::: Provided data :::
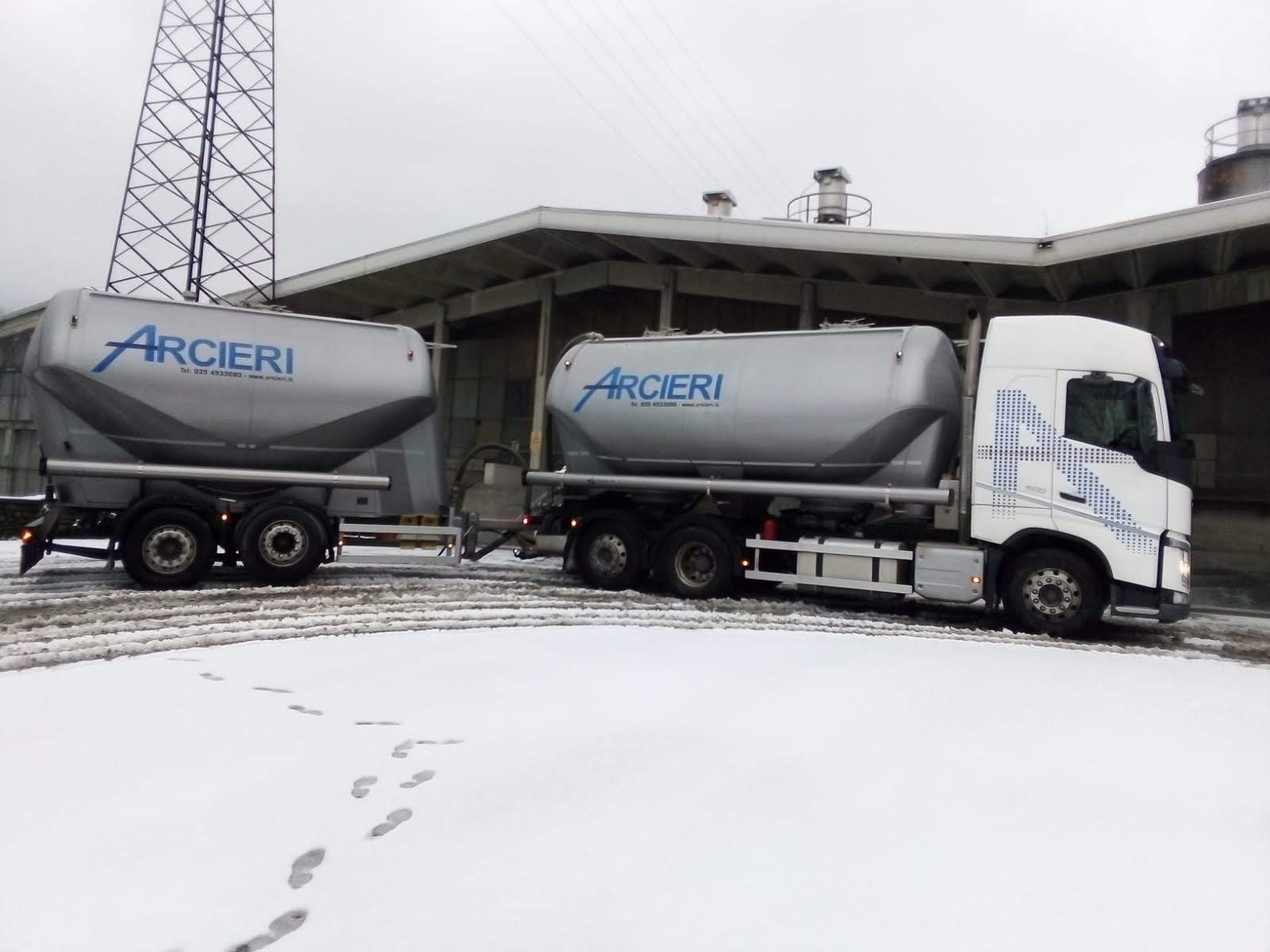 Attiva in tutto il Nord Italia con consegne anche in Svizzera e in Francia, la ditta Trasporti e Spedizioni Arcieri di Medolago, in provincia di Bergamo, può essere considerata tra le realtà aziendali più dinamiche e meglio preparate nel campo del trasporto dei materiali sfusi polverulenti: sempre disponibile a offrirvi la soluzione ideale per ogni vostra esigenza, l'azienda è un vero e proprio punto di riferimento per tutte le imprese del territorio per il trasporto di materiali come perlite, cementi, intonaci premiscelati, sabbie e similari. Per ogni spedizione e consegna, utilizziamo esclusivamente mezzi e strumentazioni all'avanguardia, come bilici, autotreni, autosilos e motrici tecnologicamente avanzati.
:::
::: Provided data :::
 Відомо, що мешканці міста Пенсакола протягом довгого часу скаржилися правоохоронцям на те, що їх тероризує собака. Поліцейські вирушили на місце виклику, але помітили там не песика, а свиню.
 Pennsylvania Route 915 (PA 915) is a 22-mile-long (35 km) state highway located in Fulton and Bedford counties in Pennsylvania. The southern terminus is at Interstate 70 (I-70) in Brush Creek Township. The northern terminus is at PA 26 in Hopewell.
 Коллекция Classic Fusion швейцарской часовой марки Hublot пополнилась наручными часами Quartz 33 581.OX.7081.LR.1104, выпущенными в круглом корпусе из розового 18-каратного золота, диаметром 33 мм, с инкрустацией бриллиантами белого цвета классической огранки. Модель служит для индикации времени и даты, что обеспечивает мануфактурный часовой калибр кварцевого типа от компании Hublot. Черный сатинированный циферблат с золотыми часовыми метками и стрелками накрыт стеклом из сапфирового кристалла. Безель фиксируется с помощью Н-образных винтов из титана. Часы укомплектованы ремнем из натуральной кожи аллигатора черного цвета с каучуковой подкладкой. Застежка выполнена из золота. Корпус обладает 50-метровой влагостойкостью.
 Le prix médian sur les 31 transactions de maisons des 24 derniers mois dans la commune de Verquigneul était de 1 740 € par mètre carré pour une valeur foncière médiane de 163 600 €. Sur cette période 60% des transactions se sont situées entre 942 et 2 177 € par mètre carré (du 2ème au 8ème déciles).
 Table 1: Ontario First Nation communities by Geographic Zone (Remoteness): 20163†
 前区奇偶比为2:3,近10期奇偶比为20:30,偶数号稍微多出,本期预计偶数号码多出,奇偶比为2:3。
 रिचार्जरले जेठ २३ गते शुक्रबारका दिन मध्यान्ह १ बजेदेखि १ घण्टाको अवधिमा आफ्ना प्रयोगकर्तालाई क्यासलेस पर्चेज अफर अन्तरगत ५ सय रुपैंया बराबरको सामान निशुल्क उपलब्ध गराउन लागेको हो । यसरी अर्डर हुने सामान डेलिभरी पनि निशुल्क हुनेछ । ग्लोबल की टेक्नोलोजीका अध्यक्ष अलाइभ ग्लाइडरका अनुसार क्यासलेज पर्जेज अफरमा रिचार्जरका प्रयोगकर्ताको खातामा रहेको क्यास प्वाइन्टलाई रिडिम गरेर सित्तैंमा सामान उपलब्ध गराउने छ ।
:::
:: What is required ::
Only the lines above starting with the one with "Коллекция Classic Fusion" and going through the one with "Le prix médian" are to be copied, word for word and with both ends kept.

:: Answer for the task ::
 Коллекция Classic Fusion швейцарской часовой марки Hublot пополнилась наручными часами Quartz 33 581.OX.7081.LR.1104, выпущенными в круглом корпусе из розового 18-каратного золота, диаметром 33 мм, с инкрустацией бриллиантами белого цвета классической огранки. Модель служит для индикации времени и даты, что обеспечивает мануфактурный часовой калибр кварцевого типа от компании Hublot. Черный сатинированный циферблат с золотыми часовыми метками и стрелками накрыт стеклом из сапфирового кристалла. Безель фиксируется с помощью Н-образных винтов из титана. Часы укомплектованы ремнем из натуральной кожи аллигатора черного цвета с каучуковой подкладкой. Застежка выполнена из золота. Корпус обладает 50-метровой влагостойкостью.
 Le prix médian sur les 31 transactions de maisons des 24 derniers mois dans la commune de Verquigneul était de 1 740 € par mètre carré pour une valeur foncière médiane de 163 600 €. Sur cette période 60% des transactions se sont situées entre 942 et 2 177 € par mètre carré (du 2ème au 8ème déciles).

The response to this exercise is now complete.